Requirement:
Everything in the listing below has to be repeated exactly, except the pictures.

Dataset extract:

▬▬▬▬▬▬▬▬▬▬

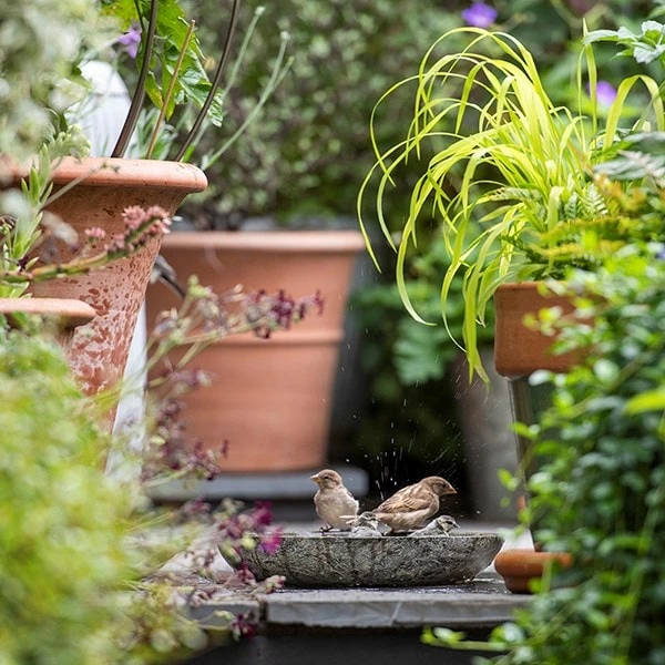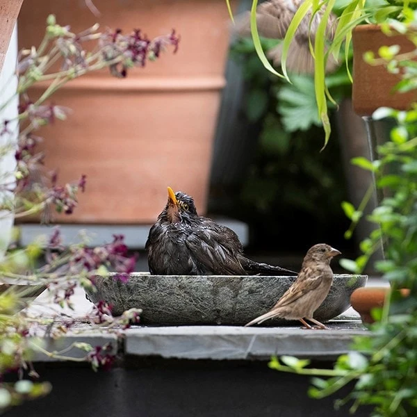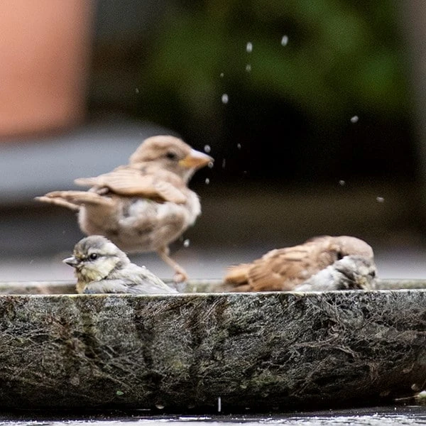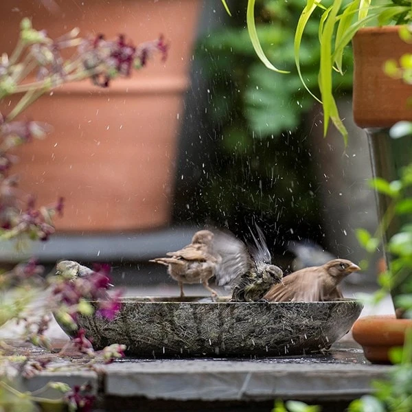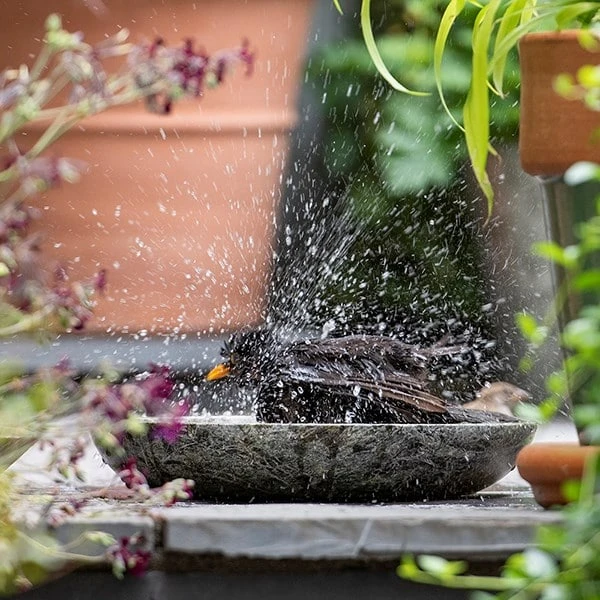 The heavy weight means it will be more than stable enough to support the splashing of large garden birds without tipping. Supplied with optional stick-on pads to protect delicate surfaces if using indoors.
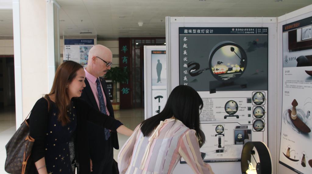 ▲Gauld教授参观本届艺术系毕业生的毕业作品展览
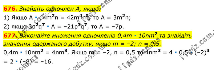 676. Знайдіть одночлен А, якщо: 1) Якщо A ∙ 14m2n = 42m4n2, то A = 3m2n; 2) якщо 3p2q7 ∙ A = –21p3q7, то A = –7p. 677. Виконайте множення одночленів 0,4m ∙ 10nm2 та знайдіть значення одержаного добутку, якщо m = –2; n = 0,5. 0,4m ∙ 10nm2 = 4nm3. Якщо m = –2, n = 0,5 то 4nm3 = 4 ∙ 0,5 ∙ (–2)3 = 2 ∙ (–8) = –16.

▬▬▬▬▬▬▬▬▬▬

Output:
 The heavy weight means it will be more than stable enough to support the splashing of large garden birds without tipping. Supplied with optional stick-on pads to protect delicate surfaces if using indoors.
 ▲Gauld教授参观本届艺术系毕业生的毕业作品展览
 676. Знайдіть одночлен А, якщо: 1) Якщо A ∙ 14m2n = 42m4n2, то A = 3m2n; 2) якщо 3p2q7 ∙ A = –21p3q7, то A = –7p. 677. Виконайте множення одночленів 0,4m ∙ 10nm2 та знайдіть значення одержаного добутку, якщо m = –2; n = 0,5. 0,4m ∙ 10nm2 = 4nm3. Якщо m = –2, n = 0,5 то 4nm3 = 4 ∙ 0,5 ∙ (–2)3 = 2 ∙ (–8) = –16.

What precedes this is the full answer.